- INSTRUCTIONS FOR THE TASK: Copy word for word the lines of the records below, beginning at the one with "2016年1月7日,是公司成" and finishing at the one with "ico[고전] 마태복음 1964 - 피에르 파올로 파솔리니 감독작/", ends included, but none of the pictures.

- EXERCISE DATA:
········

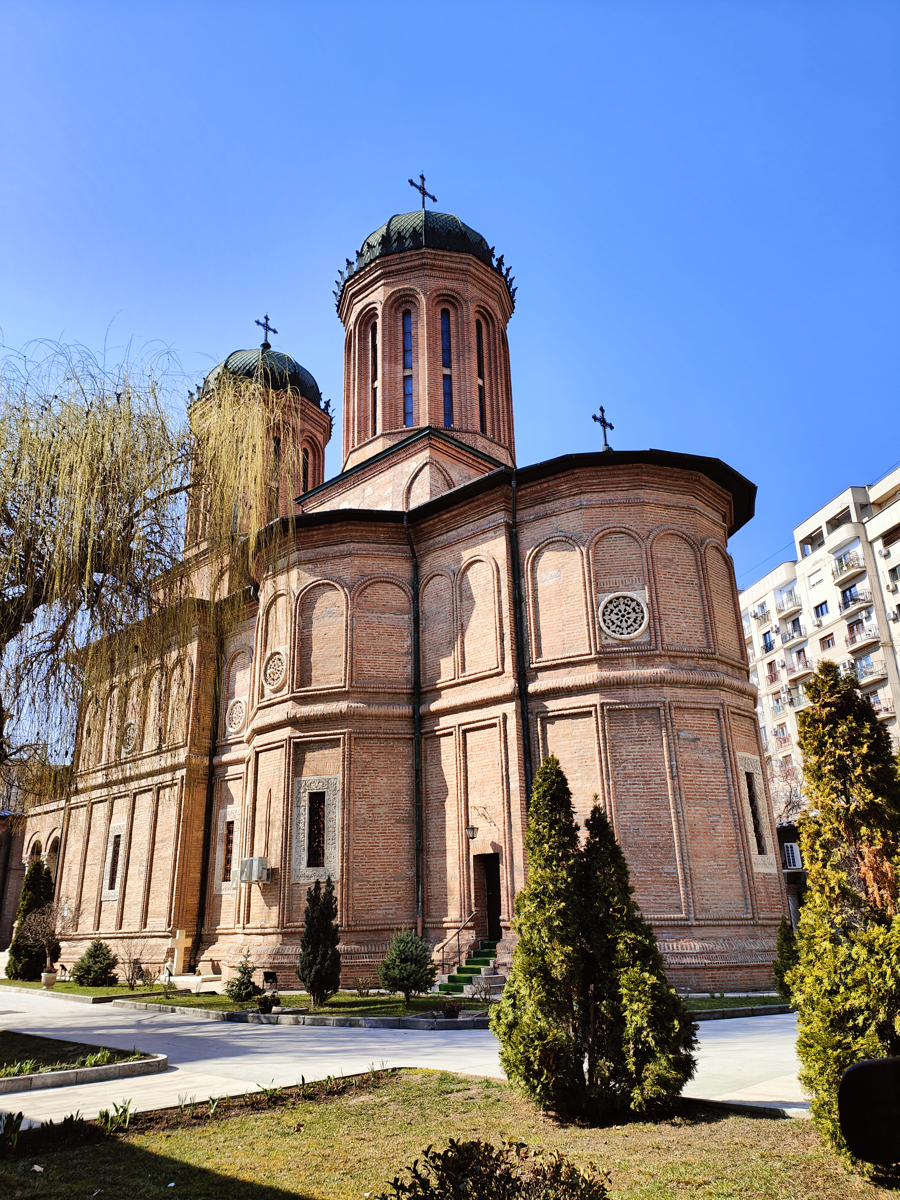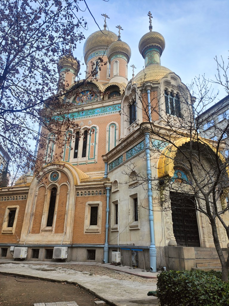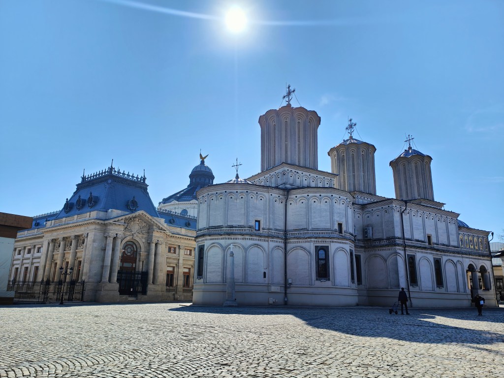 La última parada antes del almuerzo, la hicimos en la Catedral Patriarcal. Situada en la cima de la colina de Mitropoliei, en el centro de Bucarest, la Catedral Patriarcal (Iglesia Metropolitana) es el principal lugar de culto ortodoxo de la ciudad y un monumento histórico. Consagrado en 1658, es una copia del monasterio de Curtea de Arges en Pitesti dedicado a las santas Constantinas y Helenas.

········

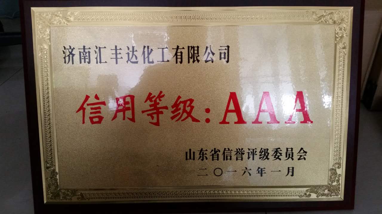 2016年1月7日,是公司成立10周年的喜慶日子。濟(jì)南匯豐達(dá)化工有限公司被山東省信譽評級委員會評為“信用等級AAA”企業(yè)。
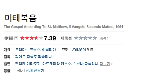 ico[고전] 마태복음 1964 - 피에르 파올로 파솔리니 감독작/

········

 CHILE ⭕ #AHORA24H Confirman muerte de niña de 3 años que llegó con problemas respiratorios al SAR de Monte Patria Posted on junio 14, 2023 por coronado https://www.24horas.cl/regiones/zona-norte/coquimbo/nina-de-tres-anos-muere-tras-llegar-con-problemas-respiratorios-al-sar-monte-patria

········

- ANSWER BOX:
 2016年1月7日,是公司成立10周年的喜慶日子。濟(jì)南匯豐達(dá)化工有限公司被山東省信譽評級委員會評為“信用等級AAA”企業(yè)。
 ico[고전] 마태복음 1964 - 피에르 파올로 파솔리니 감독작/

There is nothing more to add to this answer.